Référence : 2015 CF 569

[TRADUCTION FRANÇAISE CERTIFIÉE, NON RÉVISÉE]

Toronto (Ontario), le 30 avril 2015

En présence de monsieur le juge Campbell

ENTRE :

CANAMEX TRUCKING SYSTEMS INC., AUSSI CONNUE sous le nom de CANAMEX-CARBRA TRANSPORTATION SERVICES INC. ET CARRIER & CARGO INTERNATIONAL SYSTEMS INC.

demanderesse

et

HENRYK DEBSKI

défendeur

ORDONNANCE ET MOTIFS

[1]               Par la présente, la demanderesse (Canamex) demande l’annulation de la décision en matière de recouvrement de salaire rendue par un arbitre du Conseil canadien des relations industrielles le 2 octobre 2012 en vertu du paragraphe 251.12(4) de la partie III du Code canadien du travail, LRC, 1985, c L‑2 (le Code). Canamex est une entreprise de transport ayant son siège à Brampton (Ontario); le défendeur (M. Debski) est un camionneur ayant conduit des véhicules de transport de Canamex à quatre reprises de 2000 à 2007.

[2]               La principale question de fond que devait trancher l’arbitre était de savoir si M. Debski était un employé de Canamex ou un entrepreneur indépendant. M. Debski alléguait être un employé et Canamex soutenait qu’il était un entrepreneur indépendant. La principale question en litige dans la présente demande est de savoir si l’arbitre a tenu une audience équitable sur le fond. Les circonstances récentes ayant immédiatement mené à la décision visée importent dans ce dossier.

[3]               Dans le compte rendu le plus récent du litige, des préoccupations ont été exprimées au sujet de la crédibilité de M. Debski. L’intervention et la décision de l’arbitre découlent d’un appel d’une décision du 2 octobre 2012 rendue par un inspecteur ayant rejeté, en vertu du Code, la plainte de M. Debski pour licenciement injuste. La décision de l’inspecteur comporte la déclaration suivante :

[traduction] Un rendez-vous a été pris avec le plaignant le 12 janvier 2010 pour examiner la plainte en détail et lui donner la possibilité de fournir des documents supplémentaires selon sa demande.

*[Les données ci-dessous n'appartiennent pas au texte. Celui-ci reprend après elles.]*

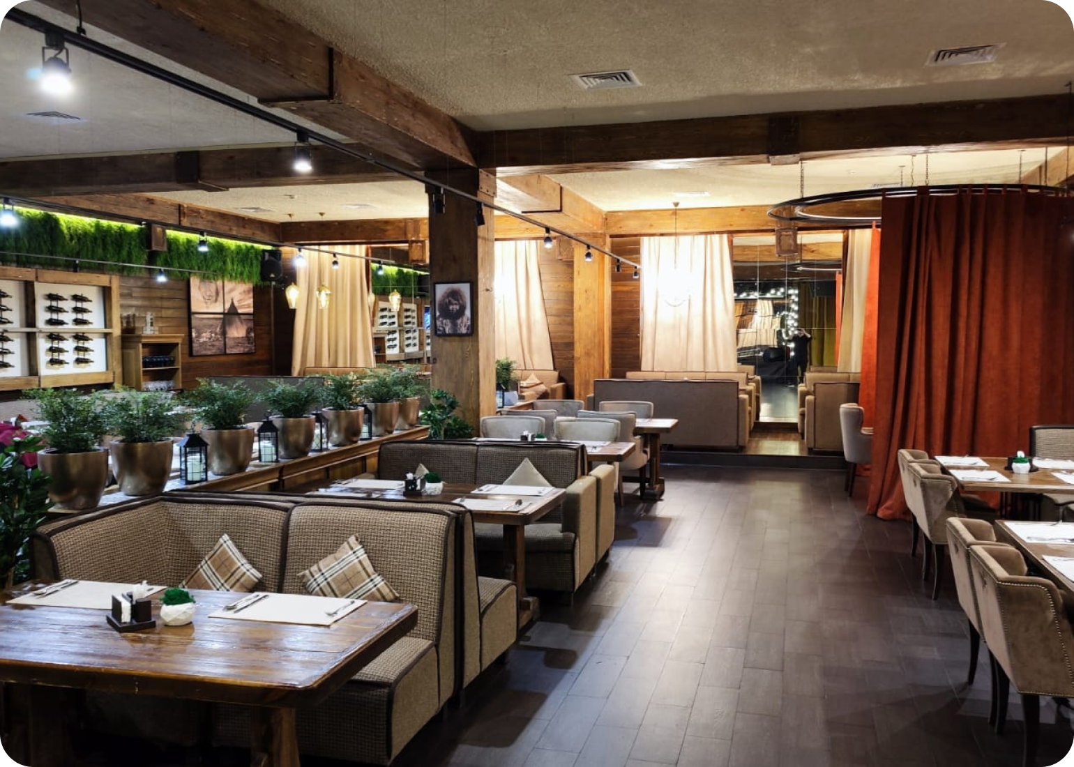 Наши блюда готовятся только из свежих ингредиентов, а наш гриль работает на древесных углях, что придает нашим блюдам неповторимый аромат и вкус.

Le 12 janvier 2010, le plaignant a produit un certain nombre de documents et de déclarations écrites. Il a présenté des lettres reçues de la CSPAAT lui refusant la participation au régime, ainsi qu’une décision en appel de la CSPAAT au sujet de sa demande de prestations. Le plaignant a aussi produit plusieurs documents dactylographiés décrivant ses antécédents professionnels et personnels dans les sept dernières années et détaillant ses diverses activités d’emploi dans l’industrie du camionnage. Il a notamment fait part de sa réaction et de ses sentiments en ce qui concerne la procédure d’appel auprès de la CSPAAT et exposé par écrit les raisons pour lesquelles il jugeait qu’il était un employé de Canamex Trucking Systems Inc. Ces documents sont annexés sous la cote [sic] « annexe G ».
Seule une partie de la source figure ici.